Top Sellers Don’t ‘Sell’

In fact, a study reveals, those who excel at sales actually don’t think about what they are doing as selling; they think about it as helping members. The study, “Attributes and Skills Common Among High-Performing Sales and Service Staff,” was conducted by Neill and Madison, Wis.-based Filene Research Institute.

One webinar attendee chatted her agreement: “That is EXACTLY what my top ‘sales’ rep thinks like.”

Another webinar attendee chatted, “When I give kudos to the ones that want to do referrals, they kind of get insulted. They feel like they’re just doing their job, which is the truth.”

Neill points to the importance of the words used both in communicating to staff and in how staff communicate with members. Reinforcing the goal of saving money vs. selling a product gets results at both levels of the conversation.

Saving Members $7 Million

One example of great success in thinking differently is Cardinal Community Credit Union, a $176 million shop in Mentor, Ohio. In 2014, this ServiStar credit union saved members more than $7 million in refinanced loans and “stolen” checking accounts.

Robert Rossetti, VP/sales and service at Cardinal Community CU joined the webinar to shed light on the credit union’s program called Save a Member Money (SAMM).

The idea stemmed from a discussion between Cardinal Community CU and Neill as they implemented the ServiStar program. The CU needed to change the typical sales narrative to engage employees. The SAMM program was born when the credit union decided to track dollars saved by switching members to its Visa, consumer loans and mortgages.

The SAMM program then grew into a key metric the credit union would report to not only its staff but its board and membership. “It took employees who were afraid to sell and turned them into passionate member advocates,” said Neill.

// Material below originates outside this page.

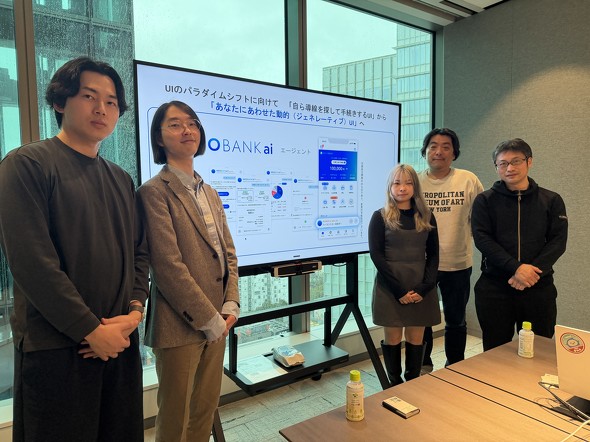 住信SBIネット銀行が2月27日にベータテストを始めるAIエージェント「NEOBANK ai」は、声やチャットで指示するだけで振込や家計分析ができる。開発したのはわずか5〜6人の若手エンジニアだ(筆者撮影)住信SBIネット銀行が開発した「NEOBANK ai」は、生成AIとの対話を通じて利用者の目的をくみ取り、必要な操作画面をその場で自動生成するアシスタント機能である。同社はこれを「ジェネレーティブUI」と呼ぶ。

Employee engagement went from 40 percent to 97 percent in the last year, Rosetti said.

He explained staff’s reaction to receiving a weekly email update about how much money the credit union has saved its members: “The first thing that employees did was print off the email (showing the money they saved members) so it could be published in the lobby for members to see. And they immediately came to me and said, ‘Robert, do you know that we’re already at $1.4 million?’ I didn’t ask them ‘How many referrals did you have yesterday?’ I didn’t ask them, ‘How many loan signings did you have last week?’ I didn’t ask them any of that.”

While focusing on referral numbers and loan signings may seem like it would help employees work toward goals, Neill finds it has the opposite effect. “Remember, when we do that (discuss progress toward sales goals), we’re speaking actually antithetically to what engages the employee,” says Neill. “When we worked with Cardinal, when we got to the idea of saving a member money, that flipped the switch for people.”

Neill focuses on living out the credit union mission and teaching employees how to say the right thing to the member at the right time. “To be great, to live out the mission of your credit union–whatever the actual missions says–the bottom line is to improve the financial well-being of the members of your credit union and the communities that you serve.”